The Colorado Department of Transportation is providing nearly $14 million in grants for alternatively fueled transit buses to six transit agencies around the state. Meanwhile, it has also launched an online survey to gather input from the public on a series of creative concepts and messages for a new marijuana-impaired driving campaign.
[Above photo by the Colorado DOT.]
That $14 million for “green bus” grants comes from the $68 million Colorado received from the $14.7 billion settlement in 2016 between German automaker Volkswagen AG and the U.S. Department of Justice over violations of diesel engine emission standards.
The Colorado DOT added in a statement that the roughly $14 million being disbursed by its division of transit and rail’s settlement alt-fuel bus replacement program will swap out 28 diesel-powered buses with one compressed natural gas-powered bus, three propane-powered buses and 24 zero-emission battery-powered buses, plus related charging equipment.
The Colorado DOT added in a separate statement that its new online survey is part of the agency’s ongoing “Cannabis Conversation” effort launched last year; a statewide traffic safety initiative that aims to engage state residents in a “meaningful discussion” about marijuana use and driving.
The agency said it “used what it learned” from feedback from 15,000 state residents in a 2018 poll to develop several “creative concepts” for a public safety campaign.
https://youtu.be/oF5BLsnTEOY
Now the Colorado DOT wants to again collaborate with the public and its partners to “refine” these concepts through workshops, focus groups, and an online survey so it produces an “awareness campaign” that better resonates with “cannabis consumer” attitudes, assumptions, and behaviors surrounding marijuana-impaired driving.

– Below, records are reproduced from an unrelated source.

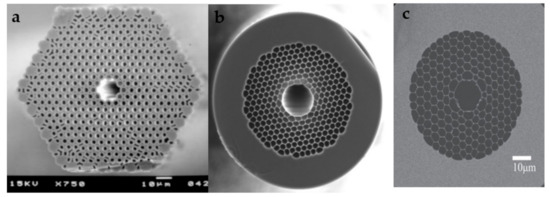 The schematic cross section of HC-PCFs. (a) The first PBG-HCF [31], (b) low-loss PBG-HCF [32], and (c) broadband PBG-HCF [34].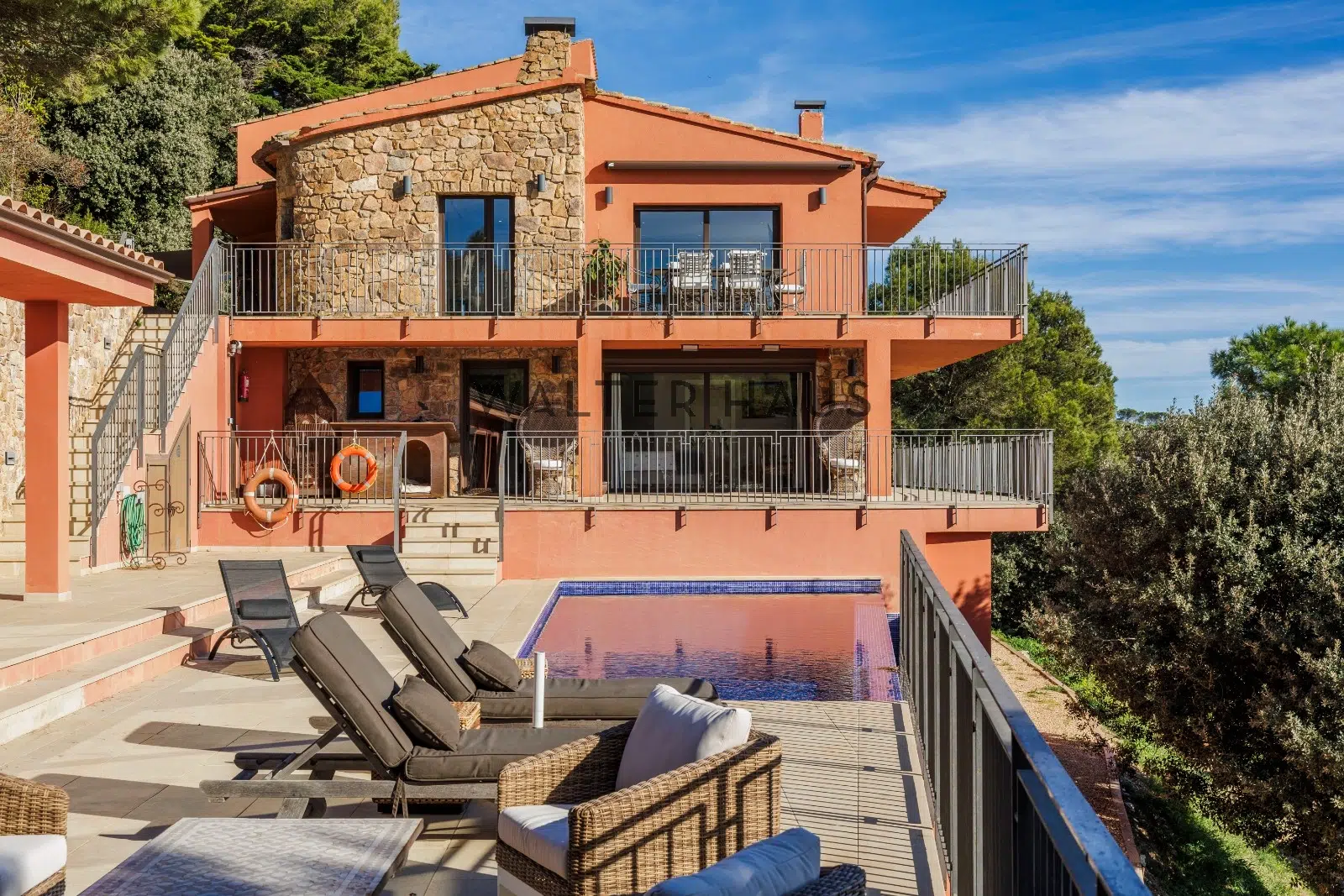 Situada a solo unos minutos caminando del centro de Begur, con una superficie construida de 499m2 sobre una parcela de 2232 m2 y reformada en 2023, esta casa ofrece una ubicación ideal, con total privacidad y vistas panorámicas a la bahía de Aiguablava, uno de los paisajes más exclusivos de la zona.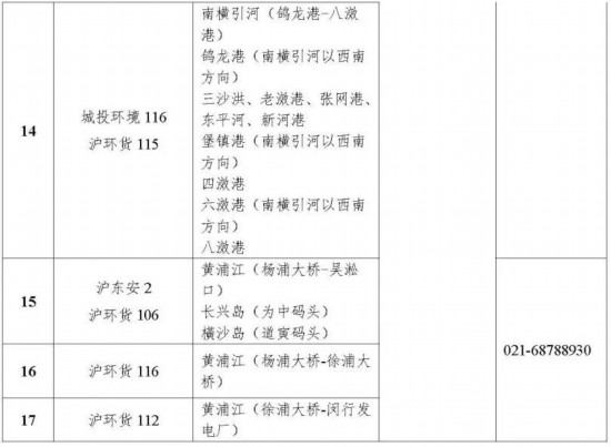 我市已開行17條船舶污染物流動接收線路(詳見下表),通過流動接收船對污染物進行巡航式接收,并由船舶污染物接收服務調度中心統一調度。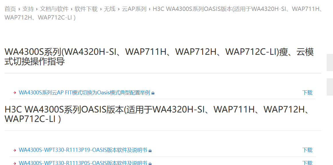 首页支持文档与软件软件下载无线云AP系列H3C WA4300S系列OASIS版本(适用于WA4320H-SI、WAP711H、WAP712H、WAP712C-LI )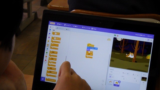 ICT支援員さんからプログラミングについて学びました。自分が考えた動きをブロックを組み合わせて作っていきます。「そっかー」「なるほど」の声が出ていました。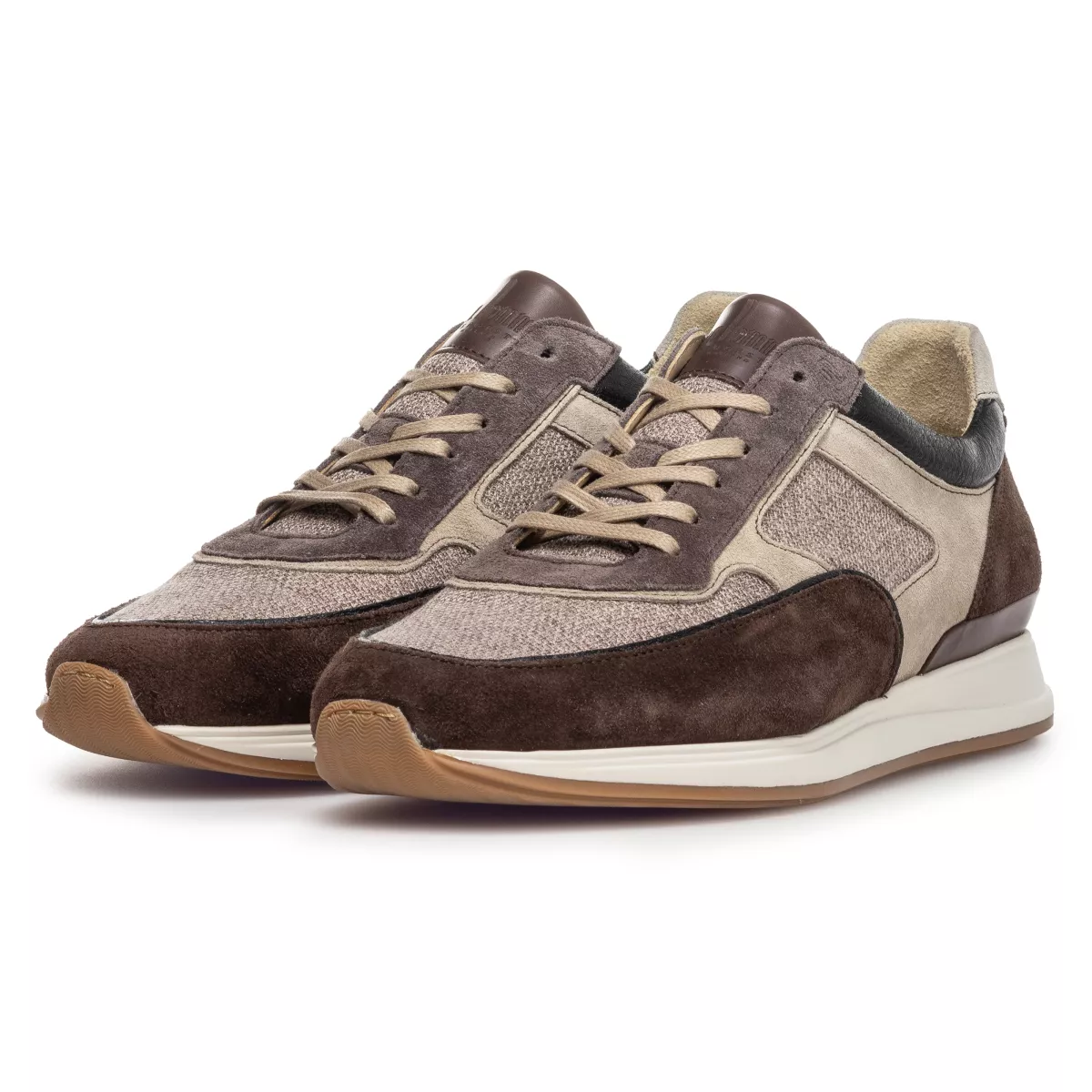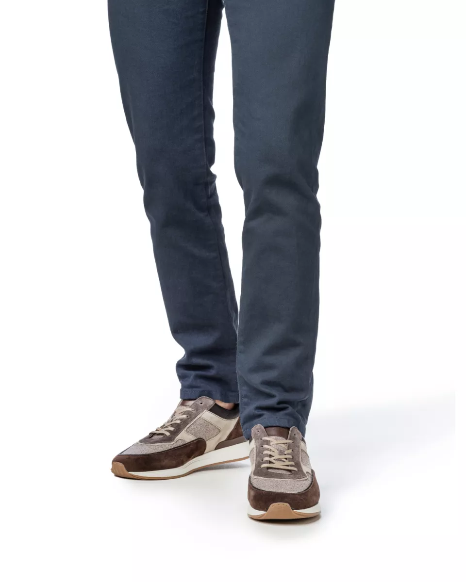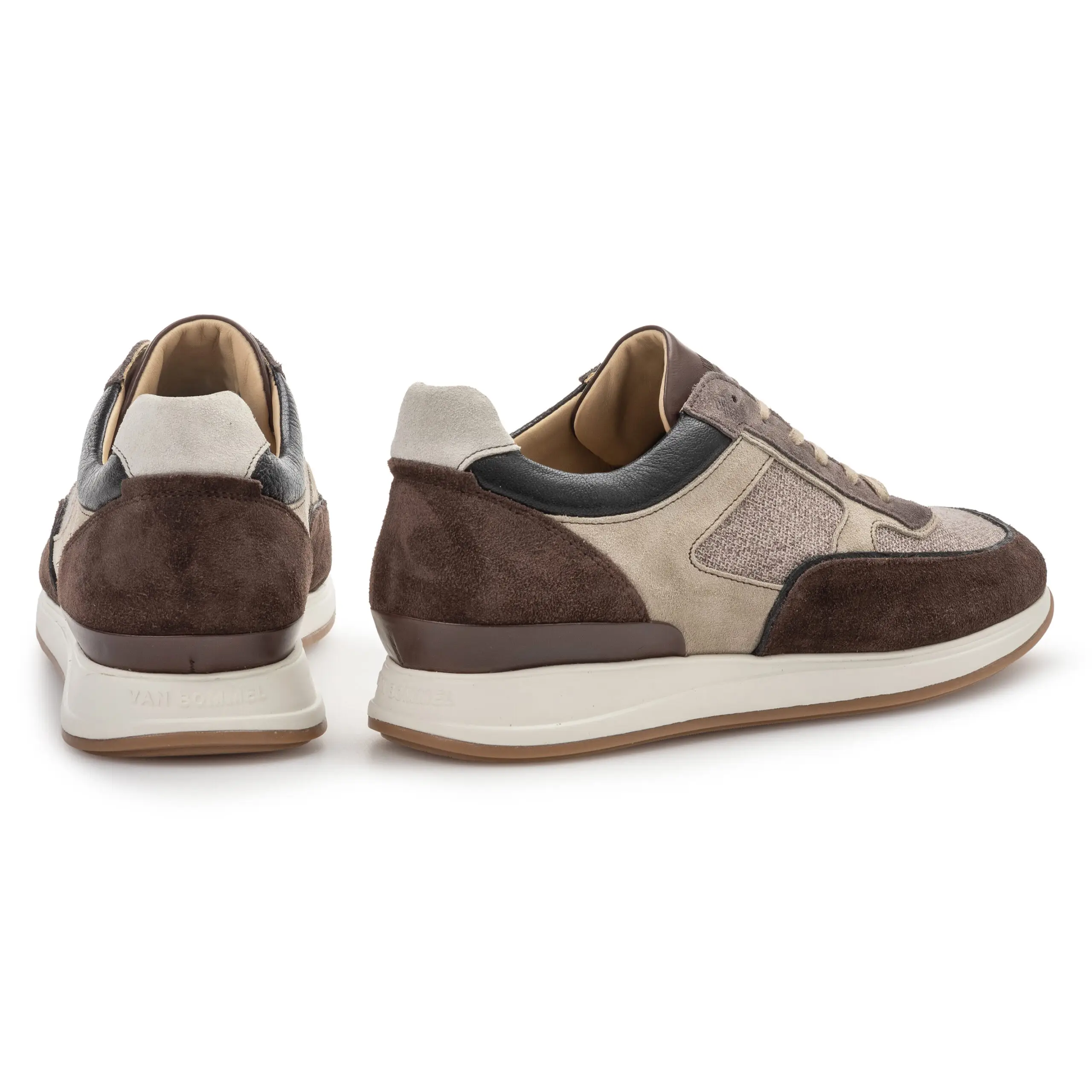 Deze klassieke sneaker is zowel stijlvol als sportief. De subtiele combinatie van taupe en bruin suède en textiel geeft deze schoen een ontspannen uitstraling, perfect voor casual momenten met een vleugje nonchalance. Achter bij de hiel is tegen de zoolrand, met een aangespannen stiksel, een lederen cup voorzien. Dit hielcupdeel is gemaakt van fijn kalfsleer met een zijdeglans en warme patinering. De sneaker is gevoerd met topkwaliteit kalfsleer. Het voetbed is uitneembaar en kan eventueel vervangen worden door een eigen voetbed of steunzool. De schoen is gemaakt op een comfortabele leest met een G1/2 wijdte. Dit maakt de schoen ook geschikt voor de net iets bredere voet.

“We want as many people as possible to weigh in on these concepts,” said Sam Cole, the Colorado DOT’s safety communications manager, in a statement. “Our goal is to capture feedback that spans a wide range of views, lifestyles and demographics to get a well-rounded perspective of how these messages are connecting with different audiences.”
He said that marijuana-impaired driving “continues to be a problem” on Colorado roads, as from 2017 to 2018, the Colorado State Patrol noted a 25 percent increase in marijuana DUI citations. On top of that, in 2018, more than 20 percent of all driving-under-the-influence DUI citations by CPS involved marijuana.